Now, in an attempt to deduce the corresponding action on a covariant vector $\frac{DA_\lambda}{D\tau}$, contract with an arbitrary covariant vector $B_\lambda$:

$$\begin{align} B_\lambda\frac{DA^\lambda}{D\tau} &= B_\lambda\frac{dA^\lambda}{d\tau} + B_\lambda\Gamma^\lambda_{\mu\nu} \frac{dx^\mu}{d\tau} A^\nu \\ &= \frac{d(A^\lambda B_\lambda)}{d\tau} - A^\lambda\frac{dB_\lambda}{d\tau} + B_\nu\Gamma^\nu_{\mu\lambda} \frac{dx^\mu}{d\tau} A^\lambda \\ &= \frac{d(A^\lambda B_\lambda)}{d\tau} - A^\lambda\left(\frac{dB_\lambda}{d\tau} - B_\nu\Gamma^\nu_{\mu\lambda} \frac{dx^\mu}{d\tau}\right) \\ \end{align}$$

The following is the bit which I don't understand - we claim that the term in brackets must be the derivative of this covariant vector, i.e.

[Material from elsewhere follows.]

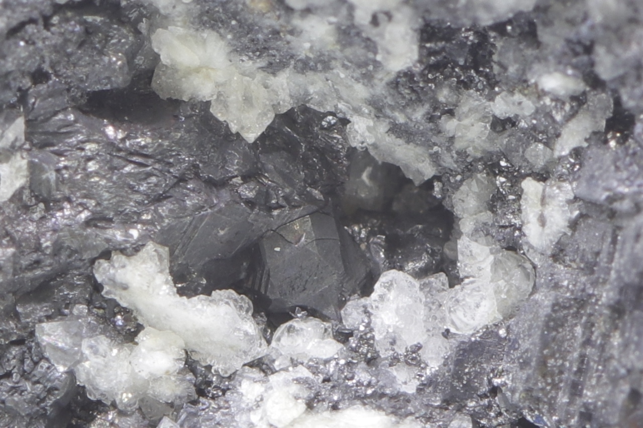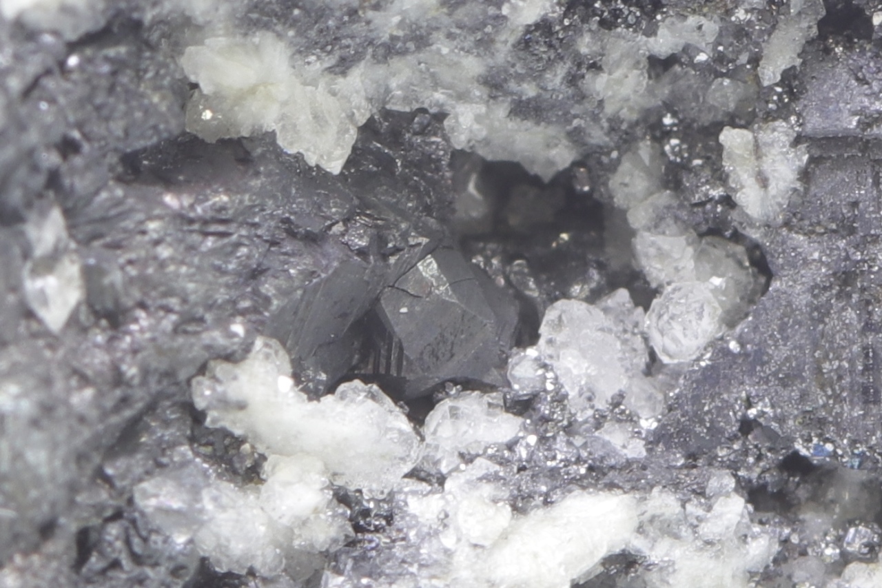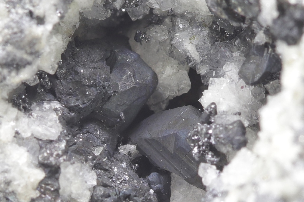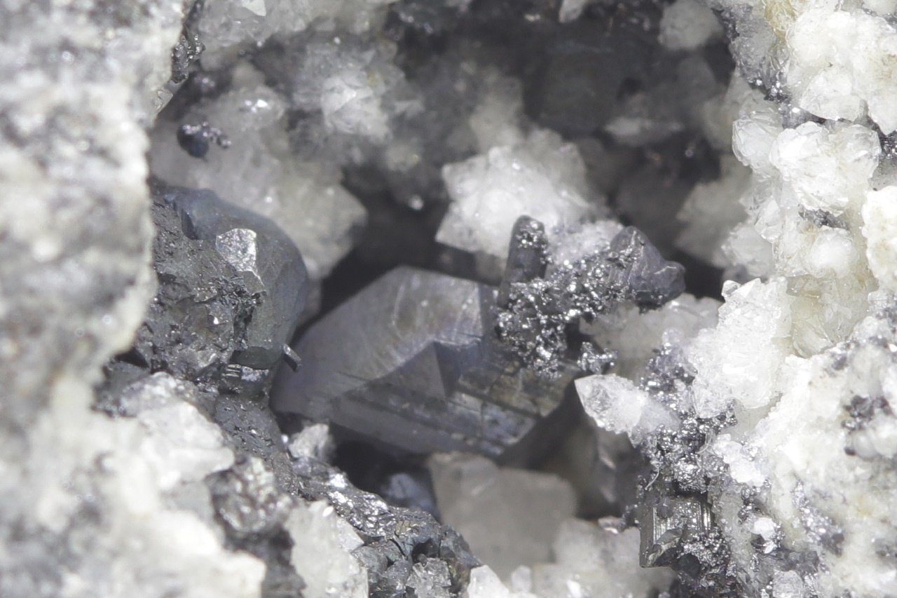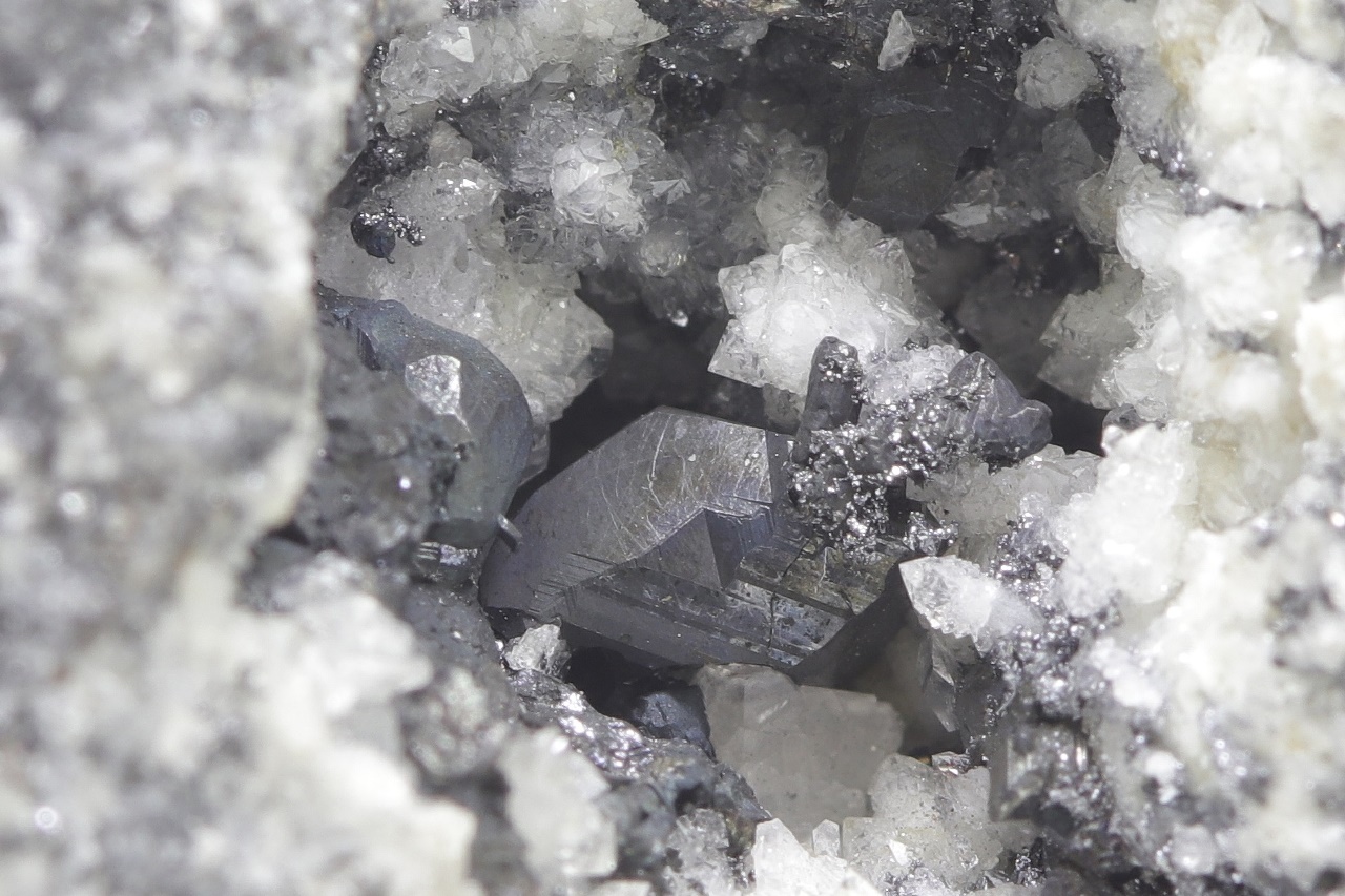Sample of Příbram vein matter with cavity-grown pyrargyrite (up to 3 mm in size), on which smaller lustrous crystals of stefanite have grown.

$$ \frac{DB_\lambda}{D\tau} = \frac{dB_\lambda}{d\tau} - B_\nu\Gamma^\nu_{\mu\lambda} \frac{dx^\mu}{d\tau} $$

I agree that it is definitely a vector, but I don't see how we can make the leap to saying that it is certainly the form that this operator takes when acting on a covariant vector. Is there something I'm missing?

I considered that it might have something to do with the fact that if you substitute this definition and rearrange you obtain

$$ B_\lambda\frac{DA^\lambda}{D\tau} + A^\lambda\frac{DB_\lambda}{D\tau} = \frac{d(A^\lambda B_\lambda)}{d\tau} $$

but I can't see exactly where this leads.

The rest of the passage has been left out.